Ask yourself why the players might have this particular encounter. Ask yourself "why" as many times as you need to until you either have a good reason or no reason at all. If you can't come up with a good solid reason for it, you should reconsider having that encounter right at that point. And honestly? Sometimes the reason might very well be "Because it's a cool encounter and my players will like it." As long as everybody is having fun, you're doing it right.
Make Every Encounter Unique
Sometimes even adventures with encounters that answer the question of "why" still end up feeling flat, dull, or boring. One possible pitfall is using too many of the same sorts of monsters. This can actually be a big problem, especially for someone like me who likes a strong theme to an adventure. You can very quickly run out of new monsters of the appropriate type to throw at the players and surprise them. Sometimes you want to broaden your theme or scope of the adventure to give yourself some leeway. To use my own game as an example, if I could have I probably would have just used goblins and hobgoblins for most of Rivenroar. But I would have found myself using the same enemies over and over. So I added in a reason to have undead around and I was able to better create encounters that all felt different from one another. Adding a different sort of monster from the ones that PCs have been fighting can be a breath of fresh air.
Another way to make encounters unique is the environment. An encounter can be drastically different in feel and result depending on where you place it. Add environmental effects like rain to cause penalties for ranged attacks. Let the terrain shape the battle by placing fields of boulders and rocks which count as difficult terrain.

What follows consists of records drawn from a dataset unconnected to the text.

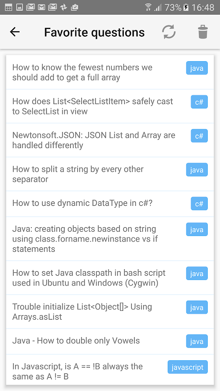 You can decide which questions are relevant to you by swiping either left or right. If you want to keep a question for later, just add it to favorites and get back to it once you have more time. If you want to delve into details of the current question or simply add a new, better answer, just follow the link on the question card.
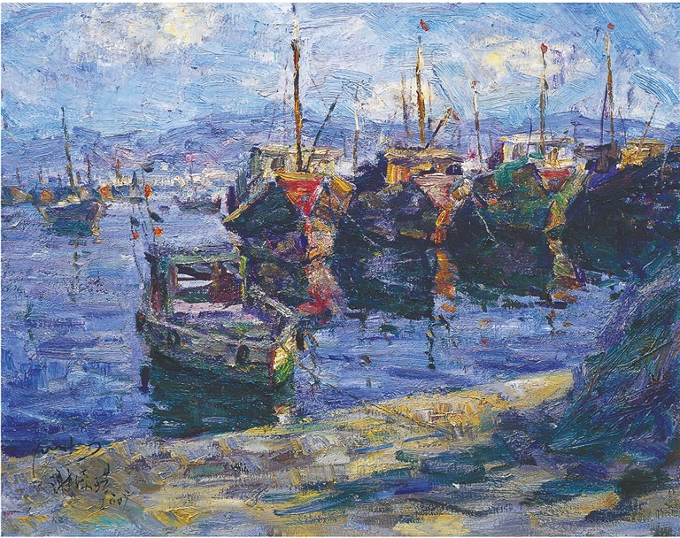 在展厅中细细欣赏一番后,谢源璜的好友、中国美术家协会会员、广州美术学院绘画学院油画系二级教授郭润文提出,谢源璜对色彩的把控炉火纯青,其作品既有玉石般的温润,又透着甜蜜。而其作品的最大特征就是需要站在一定的距离欣赏。“他利用色彩的斑驳和补色关系产生光和造型的感觉。当我们后退一定距离,所有的体积关系、空间关系就都呈现出来了。”他说。
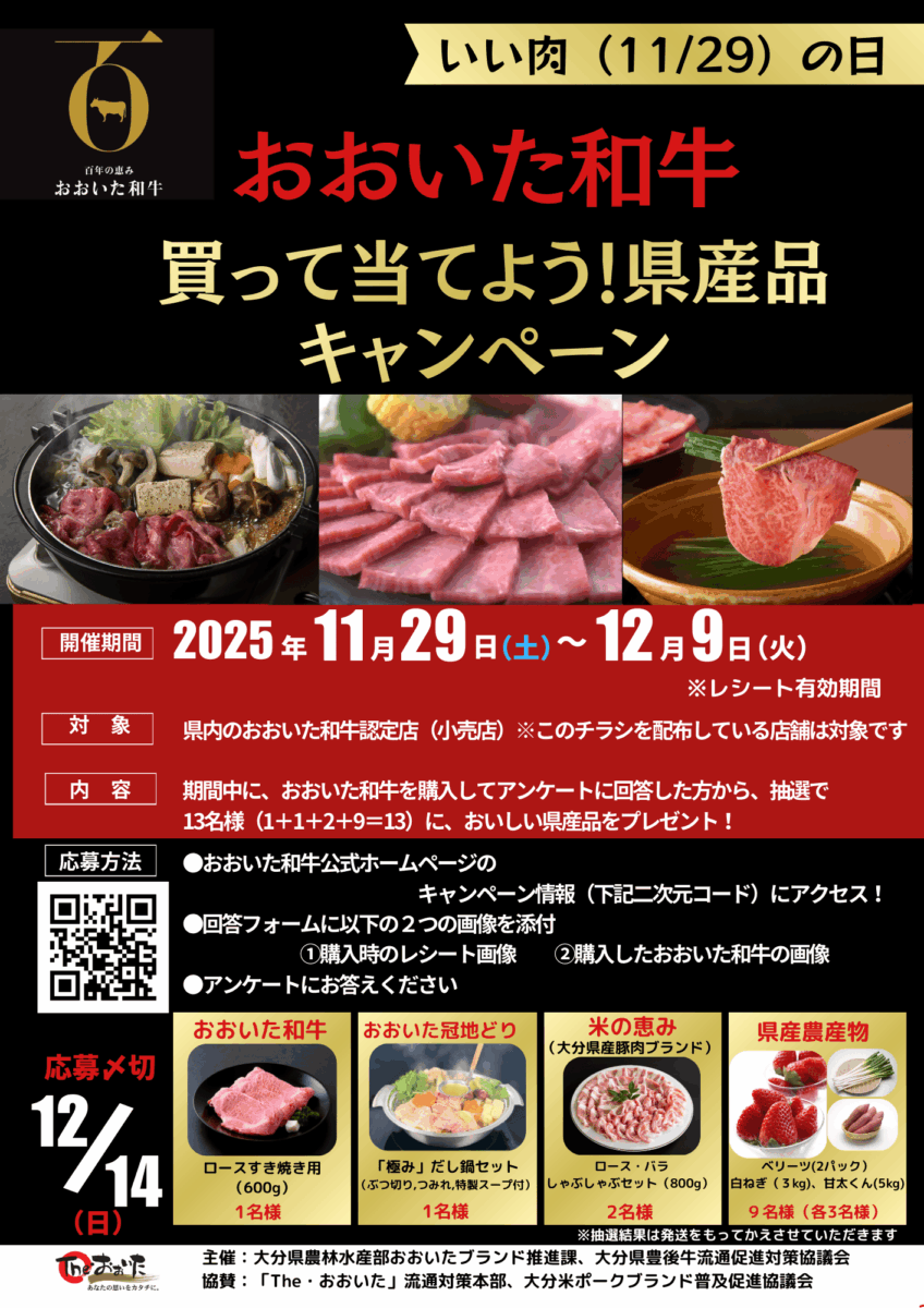 11月29日は、いい肉の日!ということで、「おおいた和牛」を購入した方から抽選で大分県産品が当たるキャンペーンを開催します。
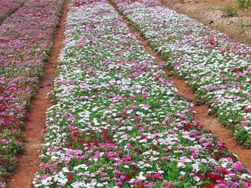 石竹株型低矮,莖稈似竹,葉叢青翠,自然花期5-9月,從暮春季節(jié)可開至仲秋,溫室盆栽可以花開四季?;斏Χ?,單生或成對,也有呈圓錐狀聚傘花序,花徑不大,僅2至3厘米,但花朵繁茂,此起彼伏,觀賞期較長?;ㄉ邪?、粉、紅、粉紅、大紅、紫、淡紫、黃、藍(lán)等,五彩繽紛,變化萬端。園林中可用于花壇、花境、花臺或盆栽,也可用于巖石園和草坪邊緣點(diǎn)綴。大面積成片栽植時(shí)可作景觀地被材料,另外石竹有吸收二氧化硫和氯氣的本領(lǐng),凡有毒氣的地方可以多種。切花觀賞亦佳。

Put incentives and objectives like a magic circle which gives +1 to attack for creatures standing in it. Add in dangerous effects like a fountain which spews necrotic acid at random intervals. Add shelves that players can push over onto bad guys or to use as cover. If you make an encounter more than a simple straight up fight to the death, they're more likely to enjoy it.
Make Every Encounter Memorable
This can be both the easiest and hardest thing to do when making and playing encounters. Players should walk home from the game thinking about how fun, cool, or interesting it was. You want something they'll be talking about between each other for a while or that makes them want to go on a message board or Twitter to describe. Sometimes, making an encounter memorable can be nothing more than good roleplaying or description from the DM. Orcs who shout battlecries and taunts, mad necromancers who lecture and rant at the players, grim and silent assassins who use elaborate maneuvers and hand signals as they attack, feyborn creatures who laugh and sing as they draw blood, or whatever.
Altering the conditions of victory is another option to consider. If the players have to stop an evil ritual by destroying six magical idols while holding off mad cultists, that can be more fun than just going in to kill the cultists outright. Enemies who fight with hit and run attacks can leave the players excited to finally get the chance pin down and have it out with their tormentors. Encounters where players have to protect something can also be exciting and nerve-wracking. Put the players on the other side of the ritual example from earlier and have them defend a magical ritual from those disrupting it. Have the players fend off slavers trying to capture panicked townsfolk.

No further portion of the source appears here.